The core innovation is the new approach to combining human-like reasoning with practical execution. DeepSeek-V3.2 is the company’s “first model to integrate thinking directly into tool-use,” supporting the use of external resources like search engines, calculators, and code executors.
The model offers two distinct operational modes:
- Thinking Mode (accessible via the deepseek-reasoner model name): The model outputs a chain-of-thought (CoT) reasoning process before delivering the final answer, enhancing accuracy on complex tasks.
- Non-Thinking Mode (accessible via the deepseek-chat model name): Provides a fast, direct final response.
The startup claims that the new standard service matches the performance of OpenAI’s flagship GPT-5 across multiple reasoning benchmarks and achieves a seamless blend of logical inference with real-world tool execution.
The second release, DeepSeek-V3.2-Speciale, is a high-compute variant designed to “push the inference capabilities of open-source models to their limits.” This model focuses primarily on achieving maximum reasoning and long-thinking capabilities, particularly in academic and complex logical fields.
Benchmarking Giants: DeepSeek claims the V3.2-Speciale version matches the performance of Google’s latest Gemini-3 Pro and, in some benchmarks like the American Invitational Math Examination (AIME) and software development tasks (SWE Multilingual), it even surpasses GPT-5.
Gold-Medal Performance: The Speciale model demonstrated gold-medal level performance on standardized tests requiring complex problem-solving, such as the International Math Olympiad (IMO) and the International Olympiad on Informatics (IOI).
However, the pursuit of maximum reasoning comes with a caveat: the Speciale variant consumes significantly more tokens (e.g., 77,000 tokens for Codeforces problems, compared to Gemini’s 22,000) and is currently API-only, prioritizing depth over the cost-efficiency of the standard V3.2 model.

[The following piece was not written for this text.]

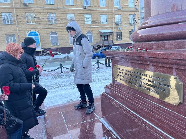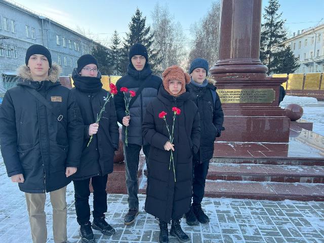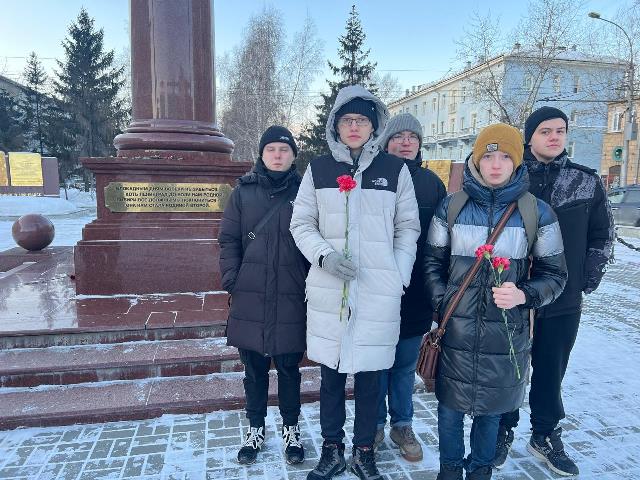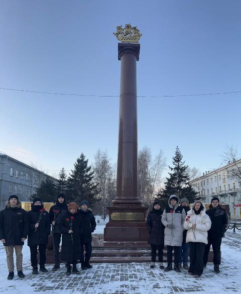 В рамках Декады, посвященной Дню полного освобождения Ленинграда от фашистской блокады студенты Новосибирского технического колледжа им. А.И.Покрышкина вместе с советником директора по воспитанию Степановой Анной Витальевной посетили площадь Пименова, где установлена Стела, посвященная трудовому подвигу ленинградцев, эвакуированных в Новосибирск в 1941-1943 годах.

Technical Foundations and Market Impact
DeepSeek’s rapid innovation builds on three key technological breakthroughs mentioned in their technical report, DeepSeek-V3.2: Pushing the Frontier of Open Large Language Models:
- DeepSeek Sparse Attention (DSA): This redesigned attention architecture optimizes computational costs and significantly speeds up processing for long inputs (up to 128,000 tokens) without sacrificing output quality.

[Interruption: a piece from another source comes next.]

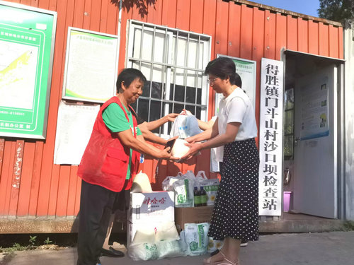在泸县得胜镇门斗山村森林防火检查站,泸县政协副主席、九三学社泸县基层委主委薛颖将精心准备的包含矿泉水、白糖、防暑药品等消暑物资的“清凉大礼包”发放到护林值守人员手中,并叮嘱他们要增强自我防护意识,做好防暑降温措施,同时要认真做好卡口来往车辆的排查登记,确保在连日高温天气下高效完成防火护林任务,守护好一方平安。

- Scalable Reinforcement Learning (RL) Framework: A massive scale-up in the post-training alignment phase to enhance overall capability.
- Agentic Task Synthesis Pipeline: A new method for training AI agents by creating thousands of executable scenarios based on real-world problems (like GitHub issues).
This release, which follows the company’s breakthrough model in January 2025, solidifies DeepSeek’s role as a major disruptor in the global AI race, particularly in the open-source community, by offering frontier-level performance at competitive costs. Just last week, the company released DeepSeekMath-V2, an open model with strong theorem-proving capabilities, underscoring its relentless research pace.